On Tuesday 28 June 2011, Per Forlin wrote:
How significant is the cache maintenance over head? It depends, the eMMC are much faster now compared to a few years ago and cache maintenance cost more due to multiple cache levels and speculative cache pre-fetch. In relation the cost for handling the caches have increased and is now a bottle neck dealing with fast eMMC together with DMA.
The intention for introducing non-blocking mmc requests is to minimize the time between a mmc request ends and another mmc request starts. In the current implementation the MMC controller is idle when dma_map_sg and dma_unmap_sg is processing. Introducing non-blocking mmc request makes it possible to prepare the caches for next job in parallel to an active mmc request.

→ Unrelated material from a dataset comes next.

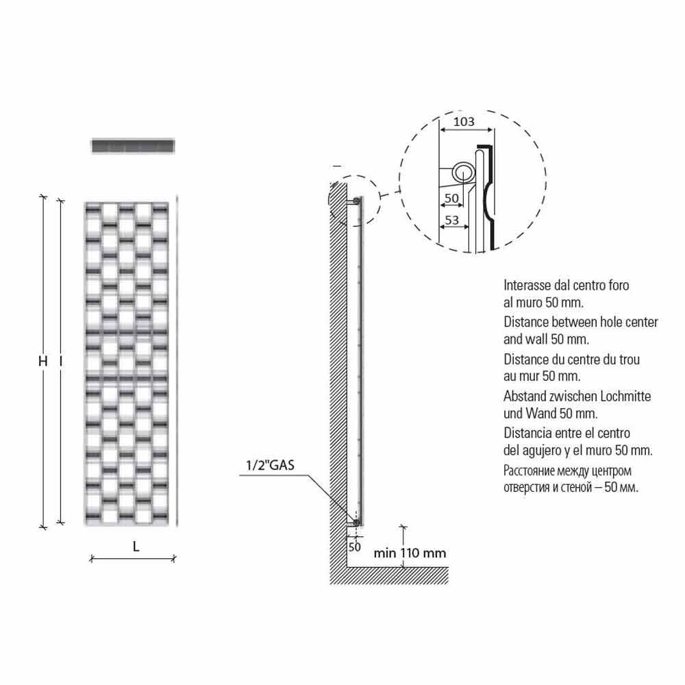 - H 1815 x L 503 x Inter. 1760 mm x Output w (Δt50 *) 815; Yield w (Δt30 *) 429; Yield w (Δt26 *) 358

This is done by making the issue_rw_rq() non-blocking. The increase in throughput is proportional to the time it takes to prepare (major part of preparations is dma_map_sg and dma_unmap_sg) a request and how fast the memory is. The faster the MMC/SD is the more significant the prepare request time becomes. Measurements on U5500 and Panda on eMMC and SD shows significant performance gain for large reads when running DMA mode. In the PIO case the performance is unchanged.
There are two optional hooks pre_req() and post_req() that the host driver may implement in order to move work to before and after the actual mmc_request function is called. In the DMA case pre_req() may do dma_map_sg() and prepare the dma descriptor and post_req runs the dma_unmap_sg.
I think this looks good enough to merge into the linux-mmc tree, the code is clean and the benefits are clear.
Acked-by: Arnd Bergmann arnd@arndb.de
One logical follow-up as both a cleanup and performance optimization would be to get rid of the mmc_queue_thread completely. When mmc_blk_issue_rq() is non-blocking always, you can call it directly from the mmc_request() function, instead of waking up another thread to do it for you.
Arnd